How to cite this article: Domínguez-Morales SK, Moreno-López LC, Gallardo JM, Paniagua JR. Hematological changes induced by erythrocytapheresis. Rev Med Inst Mex Seguro Soc. 2015 Jul-Aug;53(4):422-9.

PubMed: http://www.ncbi.nlm.nih.gov/pubmed/26177429


ORIGINAL CONTRIBUTIONS


Received: May 14th 2014

Accepted: March 25th 2015

Hematological changes induced by erythrocytapheresis


Sindy Karina Ibeth Domínguez-Morales,a Luis Carlos Moreno-López,a Juan Manuel Gallardo,b José Ramón Paniaguab


aLaboratorio de Patología Clínica, Centro Médico “The American British Cowdray”

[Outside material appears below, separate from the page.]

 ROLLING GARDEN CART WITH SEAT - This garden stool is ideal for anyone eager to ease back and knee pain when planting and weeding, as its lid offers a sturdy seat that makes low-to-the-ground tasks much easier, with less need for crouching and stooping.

bUnidad de Investigación Médica en Enfermedades Nefrológicas, Hospital de Especialidades, Centro Médico Nacional “Siglo XXI”, Instituto Mexicano del Seguro Social


Distrito Federal, México


Communication with: Juan Manuel Gallardo

Telephones: (55) 5627 6900, extension 21371

Email: jmgallardom@gmail.com


Background: Although automated cell separators (apheresis) have undergone a lot of technical refinements, the effect of the procedure on hematological indices of donors is rarely taken into account. The purpose of this study is to identify potential hematologic changes in donors undergoing erythrocytapheresis.

Methods: 30 apparently healthy adult donors were evaluated. Erythrocytapheresis procedure was performed using automated equipment. Hematologic measurements (hemoglobin, hematocrit, white blood cells counts and platelets) were analyzed before and after erythrocytapheresis in all donors.

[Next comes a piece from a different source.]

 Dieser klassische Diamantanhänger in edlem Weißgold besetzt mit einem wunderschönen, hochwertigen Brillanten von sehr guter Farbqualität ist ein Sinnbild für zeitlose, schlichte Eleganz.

Results: We observed a significant decrease in the donors in hemoglobin (p <0.0001), hematocrit (p <0.0001), leukocytes (p <0.0001), lymphocytes (p = 0.0267), and platelets (p <0.0001). On the other hand, we found no changes in segmented, monocytes, eosinophils and basophils post erythrocytapheresis.

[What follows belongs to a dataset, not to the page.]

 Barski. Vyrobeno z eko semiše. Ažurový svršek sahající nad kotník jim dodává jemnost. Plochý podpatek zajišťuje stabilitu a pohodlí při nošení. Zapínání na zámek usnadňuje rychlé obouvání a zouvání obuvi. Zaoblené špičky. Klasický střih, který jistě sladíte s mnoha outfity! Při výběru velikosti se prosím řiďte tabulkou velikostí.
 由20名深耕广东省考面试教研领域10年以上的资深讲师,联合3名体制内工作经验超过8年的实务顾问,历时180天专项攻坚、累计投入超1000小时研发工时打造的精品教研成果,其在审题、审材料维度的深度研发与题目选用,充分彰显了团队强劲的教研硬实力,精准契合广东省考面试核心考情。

Conclusion: In this study we found a significant drop in complete blood count in blood donation procedure by erythrocytapheresis; there are hematological changes in both red and white cells in all donors; however, none of donors manifested symptoms of thrombocytopenia or anemia. This study demonstrates hematological changes post-donation and therefore requires larger multicenter studies, in order to establish guidelines for donors’ safety in apheresis and also help in assessing donor suitability, especially given the present trend of double product apheresis collections.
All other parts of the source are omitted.